Perkembangan dunia literasi di kota seperti Surabaya, rupanya menunjukkan geliat yang makin menjanjikan. Sejumlah tempat yang dahulu merupakan bekas gedung pemerintah kolonial Belanda, kini ditata sedemikian rupa menjadi tempat baca umum; perpustakaan. Tempat ini sungguh menarik, setidaknya menurut saya. Menyenangkan pula , dan membuat nyaman setiap pengunjung yang sedang berada di sana. Ada keyakinan dalam diri saya, bahwa gairah baca masyarakat umum akan makin menggelegak kuat seiring adanya tempat mengasyikkan seperti perpustakaan ini.
Siang itu, di awal Februari 2015, saya mengajak istri dan putra saya, Nazhif, mengunjungi perpustakaan tersebut di Bilangan Darmo, Surabaya. Nama perpustakaan yang saya maksud, yaitu Perpustakaan Bank Indonesia. Menurut sejarahnya, gedung ini dibangun pada tahun 1921. Proyek pembangunannya kala itu dilakukan oleh biro arsitek dari Job and Sprij Surabaya.
Mulanya, bangunan ini dulunya disebut Worning voor Agent van Javasche Bank. Kala itu, bangunan yang berpaduan unsur Jawa dan Eropa ini, merupakan rumah dinas bagi pejabat De Javasche Bank (tahun 1953 berubah nama menjadi Bank Indonesia).
Jauh sebelum gedung ini bernama Perpustakaan Bank Indonesia, dulunya pernah difungsikan sebagai Museum Mpu Tantular. Museum itu sendiri aktif sejak 1975. Pada tahun 2004 silam, lokasi museum dipindahkan ke kawasan Buduran, Sidoarjo. Kini, bangunan bekas museum benda-benda bersejarah, diubah menjadi area taman baca bagi warga kota atau masyarakat pada umumnya
***
Perpustakaan BI terletak di Jalan Taman Mayangkara no.6 Kelurahan Darmo, Kecamatan Wonokromo, Surabaya. Pintu masuk perpustakaan berada di sisi timur bangunan yang berada di Jalan Raya Darmo. Sedangkan pintu keluar, berada di sisi selatan yang menghadap ke arah Taman Mayangkara.
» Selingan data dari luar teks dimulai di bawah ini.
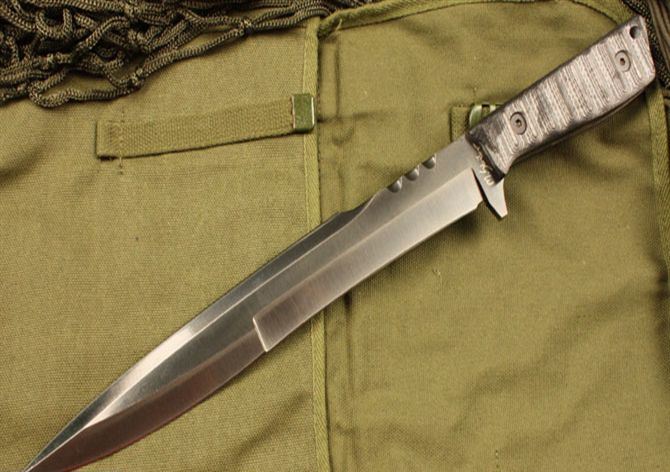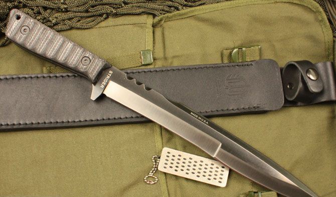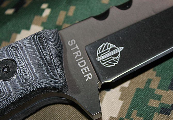 全长:39.5cm 刃长:26.8cm 刃宽:3.2cm 刃厚:0.62cm 刃材:440C高级不锈钢 硬度:57HRC 柄长:12cm 刀重:460克 总重:720克(含包装物) 柄材:玻纤亚麻高压复合材料 表面:钛金处理(防锈硬度高) 品质:高品质 其他: 刀身两处有Strider的草体签名。 附件:专用战术真皮刀套,STRIDER专用磨刀石,英文说明书

Perpustakaan yang saya kunjungi ini, memiliki posisi yang strategis. Dua jalan besar di Surabaya, Jalan Darmo dan Jalan Diponegoro, mengapitnya erat-erat. Tak jauh dari sana, ada tempat umum yang selalu ramai pengunjung. Ya, benar sekali; Kebun Binatang Surabaya. Di arah timur yang juga tak jauh dari perpustakaan, ada sebuah masjid yang sudah kesohor. Namanya Masjid Alfalah.
Bangunan yang menjadi warisan bangsa kolonial ini, memiliki beberapa ruang baca. Setiap ruangan baca, menyimpan puluhan bahkan ratusan buku dari beragam genre. Koleksi paling banyak di sana, memang tentang buku-buku ekonomi, moneter, pajak, maupun perbankan. Meskipun begitu, ada pula genre lain yang menarik untuk dibaca, seperti politik, ilmu terapan, sastra, maupun buku-buku anak. Tak ketinggalan, koleksi surat kabar maupun majalah, pun menghiasi salah satu sudut bagian dalam perpustakaan.
Begitu masuk ke ruangan dalam, suasana tenang, nyaman dan sejuk langsung terasa. Ada sofa, meja, dan kursi belajar di ruang baca utama. Siang itu, pengunjung perpustakaan tak lebih dari 30 orang. Cukup sedikit memang, tapi sisi ketenangan dan keheningan yang didapat, jauh lebih terasa. Layanan lain yang tersedia di sana, yaitu ruangan khusus yang menyediakan beberapa smart PC dan didukung pula dengan adanya wi-fi gratis. Siapa pun bisa memanfaatkan layanan serba gratis itu dengan mudah dan menyenangkan. Di sebelah barat ruang baca utama, ada ruang baca anak. Apa saja isinya? Tentu saja puluhan buku dengan segmentasi khusus anak-anak. Ada buku sain anak, dunia hewan, buku biografi tokoh, buku belajar membaca, berhitung, dan menulis. Tak Cuma itu. Ruangan tersebut dibekali pula dengan 2 buah unit PC siap pakai. Aneka game yang tersedia di PC, bisa mereka manfaatkan sebagai sarana hiburan setelah lelah atau jenuh membaca buku.